Переводная агиография Древней Руси: проблемы изучения

1738

Аннотация

Статья посвящена значению переводной агиографии в составе древнерусской книжности. Автор развивает мысль о трансплантации переводной византийской литературы на русскую почву и связывает этот процесс с принадлежностью Священному Преданию, фиксирует церковное происхождение житий и их связь с Уставными чтениями. Главным является утверждение об особом значении переводной агиографии в формировании у древнерусского человека представлений об идеале.

Общая информация

Ключевые слова: древнерусская словесность, переводная агиография, идеал человека, предание, типология святости

Рубрика издания: Мировая литература. Текстология

Тип материала: научная статья

Для цитаты: Дорофеева Л.Г. Переводная агиография Древней Руси: проблемы изучения [Электронный ресурс] // Язык и текст. 2014. Том 1. № 1. С. 38–46. URL: https://psyjournals.ru/journals/langt/archive/2014_n1/67269 (дата обращения: 12.12.2024)

Полный текст

 

Русская словесность фактически начинается с переводной литературы, о чем написано во всех учебных пособиях и исследованиях, посвященных начальному периоду литературы Древней Руси. На протяжении нескольких веков — вплоть до XV века — переводные тексты составляли основную часть всей книжности Древней Руси и были широко распространены (1). Это объясняется историческими факторами: Крещением, вхождением Руси в византийскую духовную традицию, переводом на славянский язык, прежде всего, церковной книжности, связанной с богослужебной практикой, что и предопределило особенности состава и тип древнерусской словесности. По словам Д.М. Буланина, «тот тип литературы, с которым мы встречаемся в Древней Руси и который не отделяет человеческого писания от божественного, воспринят славянами от монастырской культуры Византии» [2, с. 18].

Но нужно заметить, что при всей значимости переводной литературы, осознаваемой медиевистами, она до сих пор недостаточно изучена.

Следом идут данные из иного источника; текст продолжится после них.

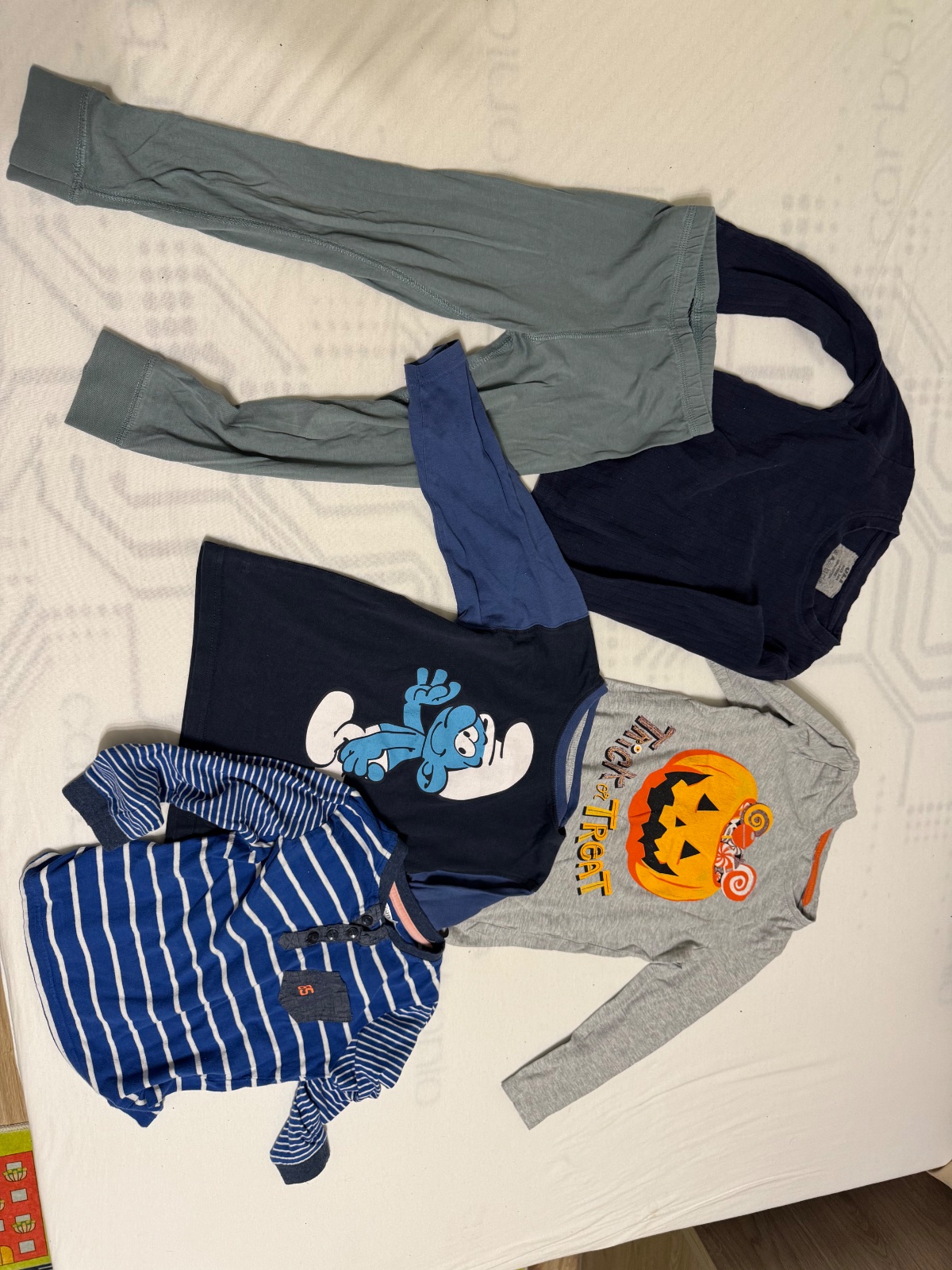 Mix oblečenia pre fešáka 5xtriciek 1/košeľa 1 tepláky veľ 122,tričko čierne veľ 122 akurát na teplákoch je mini dierka medzi nohami nič strašné .(foto )

На сегодняшний день единственное систематизирующее описание переводной литературы, где даны периодизация и репертуар переводимых текстов, сделано Д.М. Буланиным в специально посвященном переводной литературе двухтомном издании «Истории русской переводной художественной литературы» [4]. Ученый отмечает, имея в виду литературу Slavia Orthodoxa (2), что «история этой литературы — единой восточнославянской — так и не написана.» [2, с. 20]

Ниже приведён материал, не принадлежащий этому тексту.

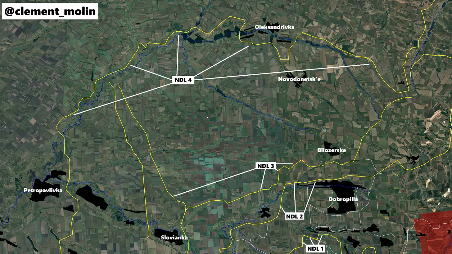 Oroszország 2025 augusztusában Bilozerske és Dobropillia környékén érte el nagy áttörését. Decemberi írásában Molin azt állítja , hogy az oroszoknak abban a hónapban sikerült átlépniük az „Új Donbász-vonalat”, bár azt a kis orosz csapatokból álló csoportot végül visszaverték. Molin azóta azt írja, hogy Ukrajna megduplázta az erődítmények építését, különösen az erdőirtások blokkolására összpontosítva, amelyek lehetővé tették az orosz előrenyomulást ezen a területen.
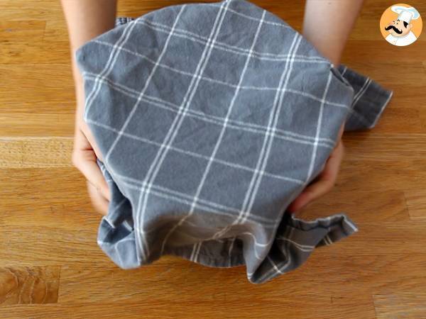 Formati o minge din aluat si acoperiti-o cu un prosop curat. Lasati sa stea la temperatura camerei timp de 1 ora.

Какое же отношение имеет переводная литература к литературе оригинальной? Как определяется ее место в общем составе всей древнерусской книжности? Об этом, конечно, высказывались ведущие медиевисты и неоднократно подчеркивали, что переводная литература не является чем-то внешним по отношению к собственно русской книжности и не считается просто заимствованной и «влияющей» на складывающуюся русскую словесность. В.М. Истрин в начале ХХ в. писал: «Почти нет случая, чтобы какой-нибудь славяно-русский памятник буквально совпадал с каким-либо одним греческим списком.» [5, с. 367.]. В 1934 году В.Н. Перетц заметил, что «“заимствованное” — в процессе литературного развития разделяет судьбу оригинального.» [11, c. 330]. И в 1970-е годы Д.С. Лихачев выдвигает теорию трансплантации литературы, когда она, «пересаженная» в новую почву, становится ей сродной, фактически ее собственностью: «Перенос литературного произведения в средние века был связан с продолжением его литературной истории, с появлением новых редакций, иногда с приспособлением его к местным, национальным условиям. Византийское произведение в результате этого оказывалось в известной мере произведением местной, национальной литературы» [8, с. 21]. Правда, здесь же ученый делает уточнение о том, что «не все переводные произведения изменялись в равной степени. Не менялись или менялись сравнительно незначительно сочинения церковно-канонические,  богослужебные, освященные строго установленными и устойчивыми формами церковной жизни» [8, 21]. Далее он выделяет еще один разряд переводных текстов — житий, «связь которых с византийским оригиналом постоянно осознавалась, и текст которых поэтому изменялся на славянской почве не только под воздействием местных условий, но и в результате новых обращений переписчиков к византийскому оригиналу». В качестве примера он приводит Житие Алексея человека Божия, исследованное В.П. Адриановой-Перетц. [8, с. 22]. Таким образом, Д.С. Лихачев дал теоретическое обоснование принадлежности переводных текстов русской словесности на правах «своих», не менее значимых, чем оригинальные произведения древнерусских писателей.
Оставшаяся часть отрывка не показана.